* _Requirement_
For the entries below, copy exactly the line that contains "Cung Ứng Nhân" through the line that contains "Mauve scallop trimmed", both ends included, and exclude all pictures.

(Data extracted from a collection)

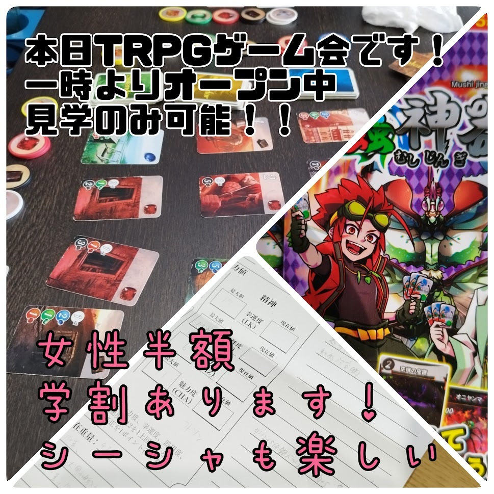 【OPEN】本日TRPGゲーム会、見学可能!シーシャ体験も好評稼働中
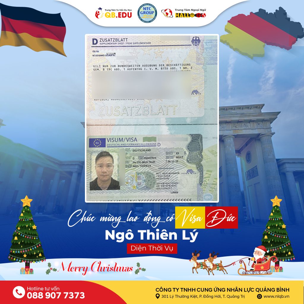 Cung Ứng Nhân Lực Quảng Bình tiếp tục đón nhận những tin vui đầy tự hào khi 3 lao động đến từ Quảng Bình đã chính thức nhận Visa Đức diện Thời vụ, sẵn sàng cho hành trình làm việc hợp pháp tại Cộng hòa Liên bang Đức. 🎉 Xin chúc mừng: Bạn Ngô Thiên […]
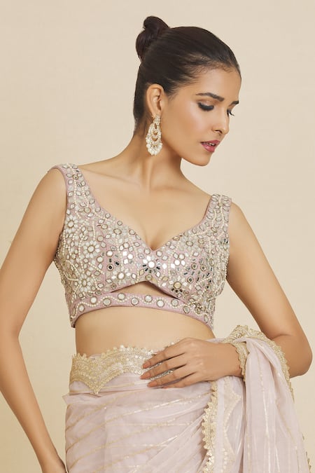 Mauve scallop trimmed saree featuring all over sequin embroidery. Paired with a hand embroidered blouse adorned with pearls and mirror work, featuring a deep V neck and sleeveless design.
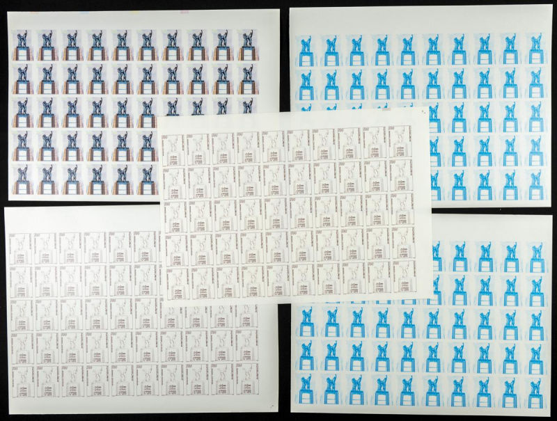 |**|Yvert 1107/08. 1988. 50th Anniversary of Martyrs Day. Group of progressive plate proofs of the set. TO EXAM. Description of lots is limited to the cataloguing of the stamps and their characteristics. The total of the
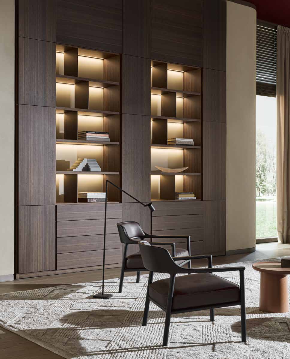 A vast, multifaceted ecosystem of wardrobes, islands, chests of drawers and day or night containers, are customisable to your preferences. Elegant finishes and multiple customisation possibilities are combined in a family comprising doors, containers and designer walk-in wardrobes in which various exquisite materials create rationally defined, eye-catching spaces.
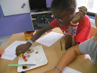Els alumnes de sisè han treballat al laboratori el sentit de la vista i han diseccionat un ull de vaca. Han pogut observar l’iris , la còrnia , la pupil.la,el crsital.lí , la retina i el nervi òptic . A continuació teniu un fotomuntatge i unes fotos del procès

* _Exercise output_
 Cung Ứng Nhân Lực Quảng Bình tiếp tục đón nhận những tin vui đầy tự hào khi 3 lao động đến từ Quảng Bình đã chính thức nhận Visa Đức diện Thời vụ, sẵn sàng cho hành trình làm việc hợp pháp tại Cộng hòa Liên bang Đức. 🎉 Xin chúc mừng: Bạn Ngô Thiên […]
 Mauve scallop trimmed saree featuring all over sequin embroidery. Paired with a hand embroidered blouse adorned with pearls and mirror work, featuring a deep V neck and sleeveless design.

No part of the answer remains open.